For patients with colon cancer, I think surgery will remain the standard approach for eligible patients for now. The role of neoadjuvant therapy remains a question, but it certainly appears to be an option in this dMMR group. 

Prognostic Value of KRAS/BRAFV600E Mutations in MSS and MSI-H Stage III Colon Cancer

John Marshall, MD:
Several studies presented at ESMO 2023 provided valuable information regarding the characterization of tumor mutations in prognosis for individual patients. 

One study was a database analysis assessing the prognostic value of KRAS and BRAF mutations in patients with microsatellite stable (MSS) (n = 7492) and microsatellite instability‒high (MSI-H) (n = 968) stage III colon cancer. The patient-level data came from the IDEA and ACCENT consortia database, which contains pooled clinical trial data from 7 randomized clinical trials of adjuvant chemotherapy for patients with stage III colon cancer.[Taieb 2023a; Taieb 2023b]

Outcomes appeared better in patients with MSI-H disease than in patients with MSS disease. For patients with MSI-H disease, presence of BRAF and RAS mutations had no significant effect on disease-free survival (DFS) or OS; 8-year OS rates were higher in the double wild-type population (76.9%) and patients with KRAS mutations (74.6%) than in patients with BRAF mutations (71.6%).

By contrast, for patients with MSS disease, KRAS/BRAF mutations were significantly associated with differences in both DFS (P <.0001) and OS (P <.0001). Prognosis was most favorable in the double wild-type population, followed by patients with KRAS mutations, followed by patients with BRAF mutations, with 8-year OS rates of 73.6%, 67.2%, and 58.9%, respectively.

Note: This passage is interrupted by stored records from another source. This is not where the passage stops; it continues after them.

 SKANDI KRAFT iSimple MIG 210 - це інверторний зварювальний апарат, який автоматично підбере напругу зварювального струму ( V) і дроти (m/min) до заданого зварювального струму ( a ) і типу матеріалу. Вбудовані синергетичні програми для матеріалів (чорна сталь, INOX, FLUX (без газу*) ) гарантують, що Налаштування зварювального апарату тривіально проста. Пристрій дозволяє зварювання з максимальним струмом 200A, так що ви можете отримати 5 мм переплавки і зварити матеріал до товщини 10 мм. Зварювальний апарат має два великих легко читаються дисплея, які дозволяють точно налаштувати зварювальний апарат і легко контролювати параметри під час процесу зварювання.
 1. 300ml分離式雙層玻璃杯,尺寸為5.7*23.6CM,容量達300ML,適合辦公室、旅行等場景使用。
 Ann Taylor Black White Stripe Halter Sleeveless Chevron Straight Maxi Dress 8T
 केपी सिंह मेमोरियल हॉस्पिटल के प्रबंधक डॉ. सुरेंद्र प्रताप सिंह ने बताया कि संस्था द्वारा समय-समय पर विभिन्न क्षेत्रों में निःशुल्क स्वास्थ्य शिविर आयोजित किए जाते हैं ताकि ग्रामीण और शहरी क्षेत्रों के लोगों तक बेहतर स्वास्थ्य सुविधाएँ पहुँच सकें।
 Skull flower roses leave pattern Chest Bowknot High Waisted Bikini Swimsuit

Anecdotally, I also have observed that immune therapy does not appear to be as effective for colon cancer in patients with MSI-H disease with a BRAF V600E mutation. We tend to use BRAF targeted agents in those patient populations. I predict that in the future, we will measure BRAF and RAS in the adjuvant setting. We hope there will soon be data with BRAF inhibitors or even RAS inhibitors in the adjuvant setting.

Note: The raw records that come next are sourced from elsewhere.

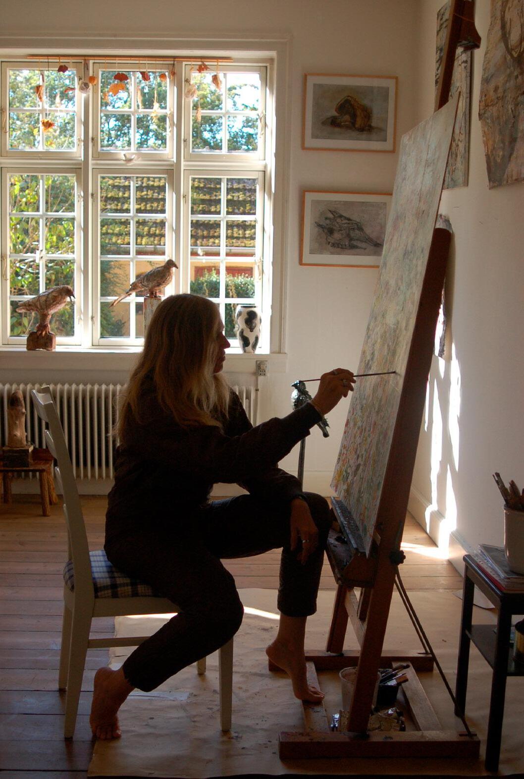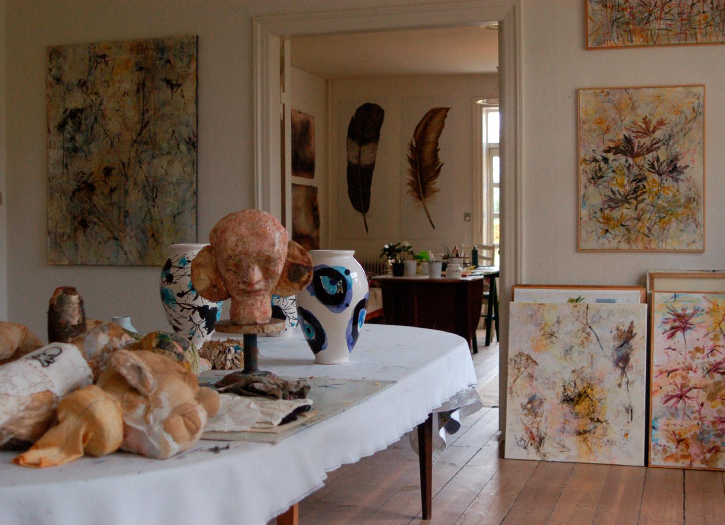 Jeg har atelier på Stevns, hvor jeg bor på en gammel præstegård omgivet af marker, stynede piletræer og levende hegn mellem jordlodderne. Om sommeren arbejder jeg med døre og vinduer vidt åbne, så det gode lys kan strømme frit ind i de gamle højloftede stuer, der er indrettet til atelierer.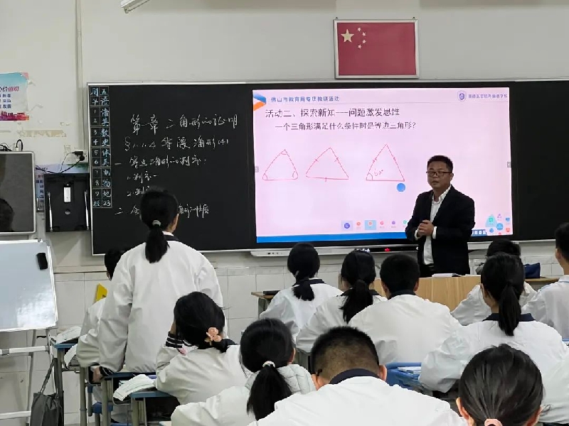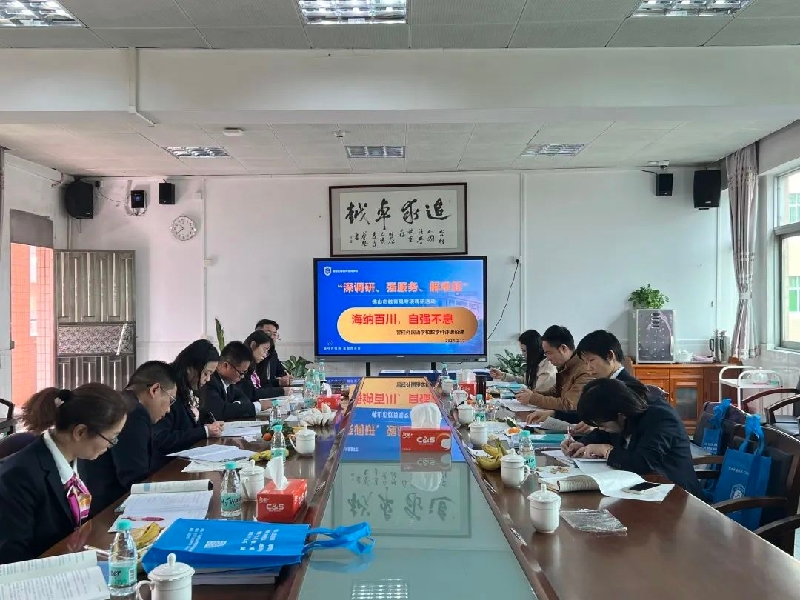 春归万物生,策马踏新程。为构建佛山“五好教育”新形态,并结合目前佛山市教研体系“四梁八柱”建设内容,2月17日,由佛山市教育局教学研究室初中部主任雷波带队,顺德区教育发展中心初中数学教研员远勋平、市区两级数学学科教研员朱锐、梁甘棠、周伟松、区宝莹、聂霞、范明明、林洁茹、谭红良、肖智胜、梁福新、欧雅燕等组成的调研组,莅临容桂外国语学校开展“深调研、强服务、解难题”专项调研活动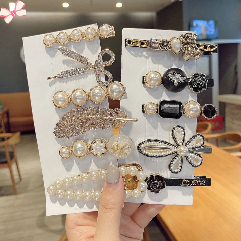 Đặc điểm: Màu sắc: như hình Chất liệu: Ngọc trai + Hợp kim Số lượng: 6 cái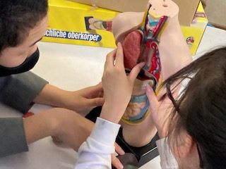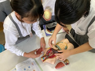 ヒトの体の中にはさまざまな臓器があります。体の中の臓器は血液によって互いに関わり合いながらはたらいていて、生命を支えています。心臓、肺、肝臓、腎臓、胃、小腸、大腸…、6年生の子どもたちが理科室で人体模型を使って、臓器の名前や位置などについて確認していました。子どもたちは興味深く先生の説明を聞いたり、元の位置に臓器をはめ込んだりしていました。それぞれの臓器のはたらきについてもこれから学んでいきます。
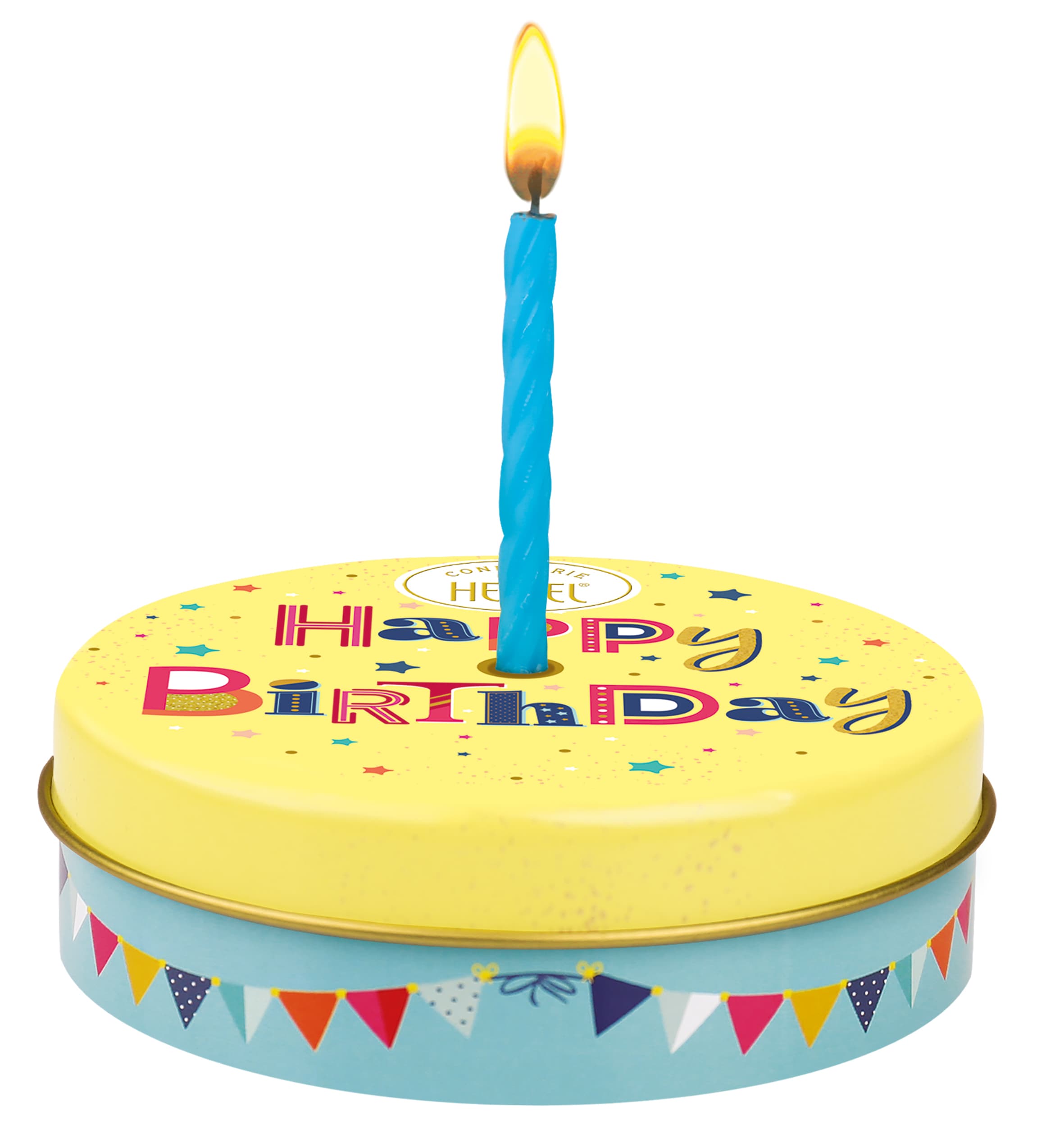 Mit diesem liebevoll gestalteten Mitbringsel gratulieren Sie auf ganz besondere Weise. Die Dose bietet Platz für eine Kerze, die sofort eingesteckt, angezündet und von Herzen gefeiert werden kann. Nach dem Auspusten darf der Beschenkte einen Wunsch frei haben und sich an den köstlichen Schokopralinen mit zarter Milchcremefüllung erfreuen. Ein rundum perfektes Geschenk, das Freude macht!

PEGASUS: ctDNA Testing‒Guided Adjuvant Therapy in Colon Cancer

John Marshall, MD:
Another notable abstract from ESMO 2023 assessed the use of postsurgical liquid biopsy‒guided treatment for patients with stage III and high-risk stage II colon cancer, with the goal of tailoring adjuvant therapy.[Lonardi 2023] In the multicenter, prospective PEGASUS study, circulating tumor DNA (ctDNA) analysis was used in 135 patients with stage III and high-risk stage II colon cancer. Testing occurred at 2 time points—after surgery and after adjuvant therapy—to assess for minimal residual disease and guide adjuvant therapy decisions. 

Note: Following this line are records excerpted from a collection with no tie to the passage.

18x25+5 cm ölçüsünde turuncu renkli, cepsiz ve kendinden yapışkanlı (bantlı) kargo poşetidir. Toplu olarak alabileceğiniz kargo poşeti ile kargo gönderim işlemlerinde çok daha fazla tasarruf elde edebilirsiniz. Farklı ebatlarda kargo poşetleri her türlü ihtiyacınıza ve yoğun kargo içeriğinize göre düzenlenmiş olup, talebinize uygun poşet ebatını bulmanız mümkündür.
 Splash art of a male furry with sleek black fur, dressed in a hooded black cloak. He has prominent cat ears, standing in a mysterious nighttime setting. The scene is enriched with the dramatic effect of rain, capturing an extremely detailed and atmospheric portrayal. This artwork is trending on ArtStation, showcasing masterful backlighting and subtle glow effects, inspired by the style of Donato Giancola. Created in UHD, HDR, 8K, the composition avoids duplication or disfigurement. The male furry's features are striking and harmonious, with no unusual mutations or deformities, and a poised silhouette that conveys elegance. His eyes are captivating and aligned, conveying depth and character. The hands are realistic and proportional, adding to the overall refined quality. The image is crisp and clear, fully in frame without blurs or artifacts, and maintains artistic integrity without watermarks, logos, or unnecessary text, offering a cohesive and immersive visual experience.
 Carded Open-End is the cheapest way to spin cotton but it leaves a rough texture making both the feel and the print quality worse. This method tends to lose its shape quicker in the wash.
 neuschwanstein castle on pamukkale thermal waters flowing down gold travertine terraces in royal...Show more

Relapses were more common in patients testing ctDNA positive (12 of 35 patients; 34%) vs patients testing ctDNA negative (10 of 100 patients; 10%). The most common site of relapse among patients testing ctDNA negative was the lung. Of note, relapses in the lung and peritoneum occurred only in patients testing ctDNA negative. This may have implications for selecting patients suitable for ctDNA analysis.

Overall, these key studies presented at ESMO 2023 highlighted exciting possibilities in the management of gastrointestinal malignancies. The future is very encouraging.